Commissioner of the District of Columbia
- In office June 19, 1939 – April 15, 1940
- President: Franklin D. Roosevelt
- Preceded by: Vacant
- Succeeded by: John Russell Young
- In office November 16, 1933 – August 31, 1938
- President: Franklin D. Roosevelt
- Preceded by: Luther Halsey Reichelderfer
- Succeeded by: Vacant

Personal details
- Born: George Edward Allen February 29, 1896 Booneville, Mississippi, U.S.
- Died: April 23, 1973 (aged 77) Palm Desert, California, U.S.
- Party: Democratic
- Spouse: Mary Keane
- Education: Cumberland University (LLB)

= George E. Allen =

American politician (1896–1973)

George Edward Allen (February 29, 1896 – April 23, 1973) was an American lawyer, businessman, and friend ("poker-playing intimate" and even "court jester") for U.S. presidents Franklin D. Roosevelt, Harry S. Truman, and Dwight D. Eisenhower. He was also head football coach of Cumberland University's football team during their famed lopsided match against Georgia Tech, losing 222–0.

==Background==

George Edward Allen was born on February 29, 1896, in Booneville, Mississippi. He earned a law degree (LLB) at Cumberland University in Tennessee. In 1939, he earned an LLD.

==Career==
===Coaching===

Allen as Cumberland College coach (circa 1916)
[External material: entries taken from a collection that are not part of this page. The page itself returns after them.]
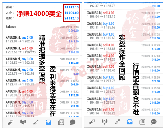 长阳论金:10.11黄金1194多空分水岭,亚盘可短空一次 大家好,赠君一法决狐疑,不用钻龟与祝蓍,我是长阳论金。投资是长期与短期的平衡,也是自己与市场间的平衡,还是预期与现实的平衡。从微观一点讲,投资亦是数据与感知的平衡,是绝对和相对的平衡。当然,投资还是多头与空头的平衡,是风险与收、益的平衡,更是坚守与放弃之间的平衡。投资是一门平衡的艺术,懂得了权衡与取舍,才算成熟,才不为固执所累。 如果你在这个市场没赚到钱,那一定是你没跟对人,如果你在这个市场没赚到大钱,那一定是你跟老师的风格不对路!马后炮指导薇/鑫:crlj2012不是我的风格,真金不怕火炼,真正的实力需要来体验。只有双方达到信任才
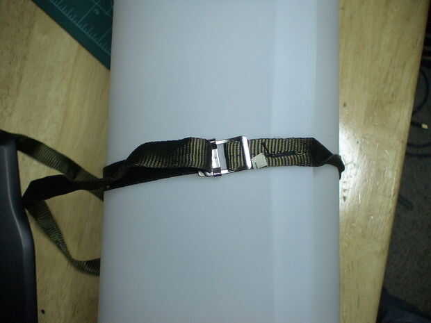 Creación del tubo: Las láminas de plástico, que era 50mil HDPE, con una textura áspera, tiene que ser formado en un tubo con un 6" diámetro interior. He encontrado que usar una correa o una especie de cinturón, que puede ser ajustado y se deslizó alrededor de ayuda con este paso.
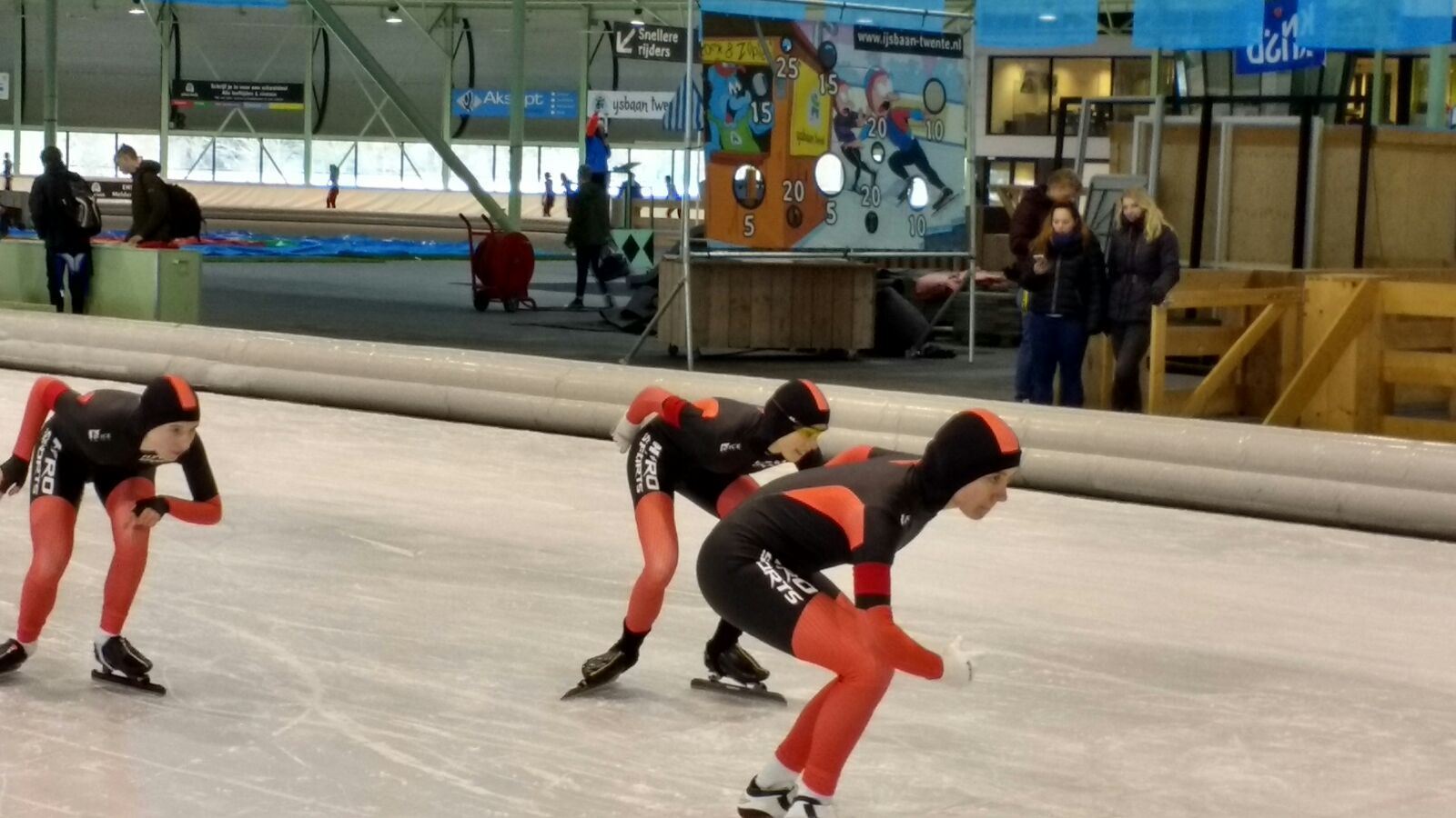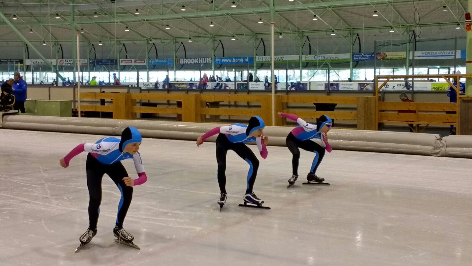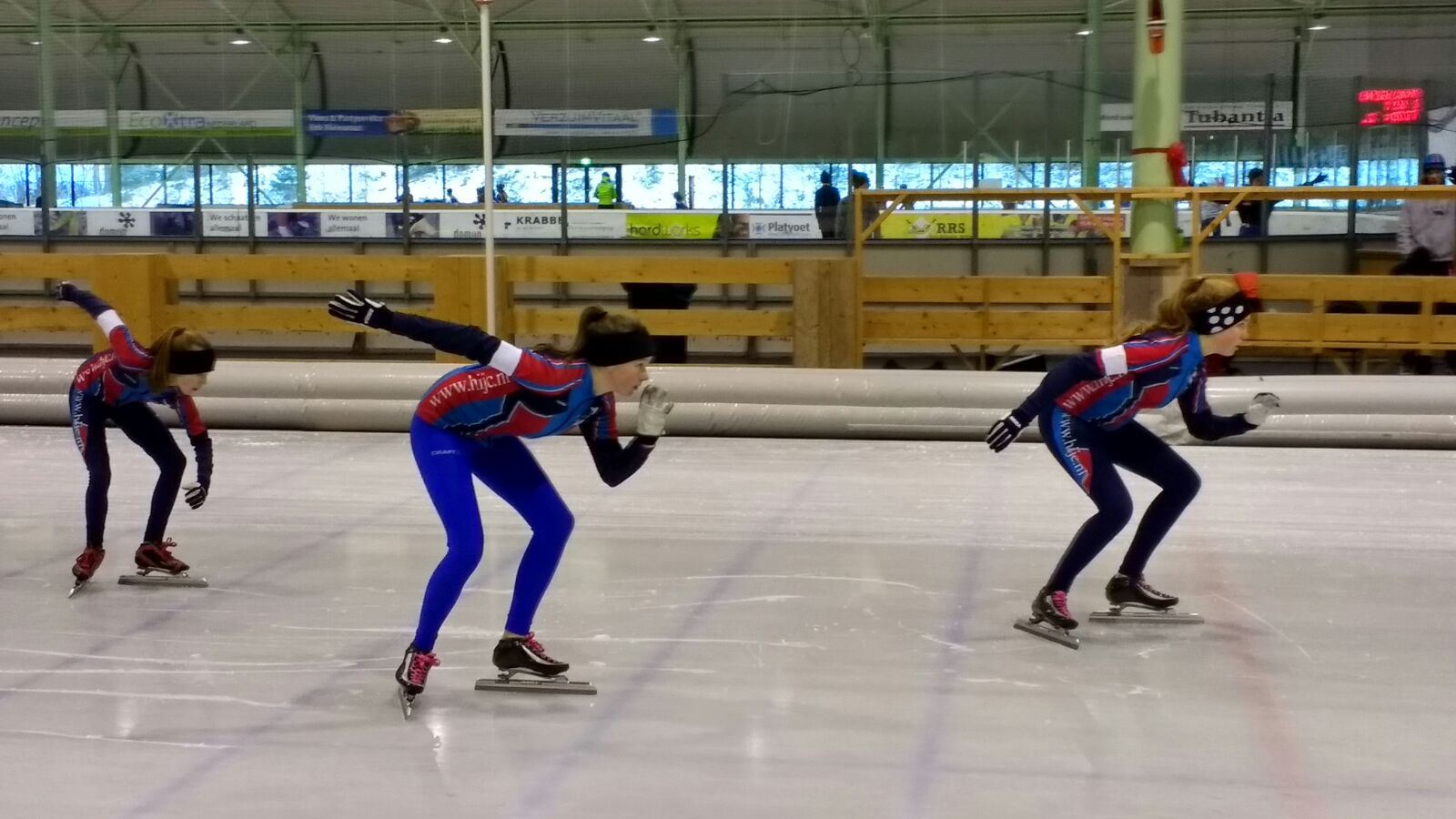 In de categorie dames boven de 15 jaar hadden we twee teams; de eerste bestond uit Isa en Ella Groenewoud. Zij schaatsten samen met Pien Grootenhaar naar een hele nette 3e plaats. De groep met Tessa Huttenhuis, Maud Jongman en Roos ten Dolle was na de eerste omloop nog de snelste en een ticket naar het NK lag op hen te wachten. In de tweede omloop waren ze nog sneller, maar helaas was het Noordik net een seconde sneller. Dus ook voor deze toppers net geen NK.

In 1916, Allen served as head football coach for Cumberland College Bulldogs in Lebanon, Tennessee, for one game, during which his alma mater Cumberland University suffered the greatest loss in the history of college football to Georgia Tech by a score of 222 to 0. A favorite is his account of the Georgia Tech-Cumberland U. football game in 1916. Cumberland's fullback and captain, George Allen himself, made the best run of the game for his hard pressed side: "I only lost six yards." He would have made one beautiful punt if his own center had not blocked it with the back of his neck. George recalls: "I once dropped the ball and yelled at another fellow: 'Pick it up.' He yelled back at me, 'Pick it up yourself, you dropped it.'" The score: Tech, 222; Cumberland, 0. Cumberland had actually discontinued its football program before the season but was not allowed to cancel its game against the Engineers. Georgia Tech coach John Heisman insisted on the schools' scheduling agreement, which required Cumberland to pay $3,000 (considered a sizeable sum in 1916 and roughly equivalent to $70,000 currently) to Tech if its football team failed to show.
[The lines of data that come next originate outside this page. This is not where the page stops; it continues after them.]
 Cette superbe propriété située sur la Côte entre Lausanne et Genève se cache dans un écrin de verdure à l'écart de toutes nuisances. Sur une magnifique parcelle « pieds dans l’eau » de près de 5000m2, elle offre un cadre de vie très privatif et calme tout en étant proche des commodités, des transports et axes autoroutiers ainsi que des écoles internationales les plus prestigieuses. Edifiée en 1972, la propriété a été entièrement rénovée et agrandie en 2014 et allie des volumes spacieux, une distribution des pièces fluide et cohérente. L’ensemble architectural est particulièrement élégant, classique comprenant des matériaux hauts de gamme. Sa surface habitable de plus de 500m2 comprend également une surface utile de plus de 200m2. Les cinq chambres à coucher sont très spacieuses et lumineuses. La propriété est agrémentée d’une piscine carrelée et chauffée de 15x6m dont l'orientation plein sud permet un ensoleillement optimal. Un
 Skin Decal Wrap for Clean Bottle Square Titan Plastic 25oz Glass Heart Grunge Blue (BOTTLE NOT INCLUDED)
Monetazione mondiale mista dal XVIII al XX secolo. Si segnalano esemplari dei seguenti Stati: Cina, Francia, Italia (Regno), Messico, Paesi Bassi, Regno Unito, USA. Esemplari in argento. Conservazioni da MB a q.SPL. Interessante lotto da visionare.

George Allen (who was elected to serve as Cumberland's football team student manager after first serving as the baseball team student manager), also a Kappa Sigma fraternity member, put together a scrub team of 14 players to travel to Atlanta as Cumberland's football team and were soundly beaten 222 to 0, saving the college $3,000 in the process. Cumberland would not play football again until 1920.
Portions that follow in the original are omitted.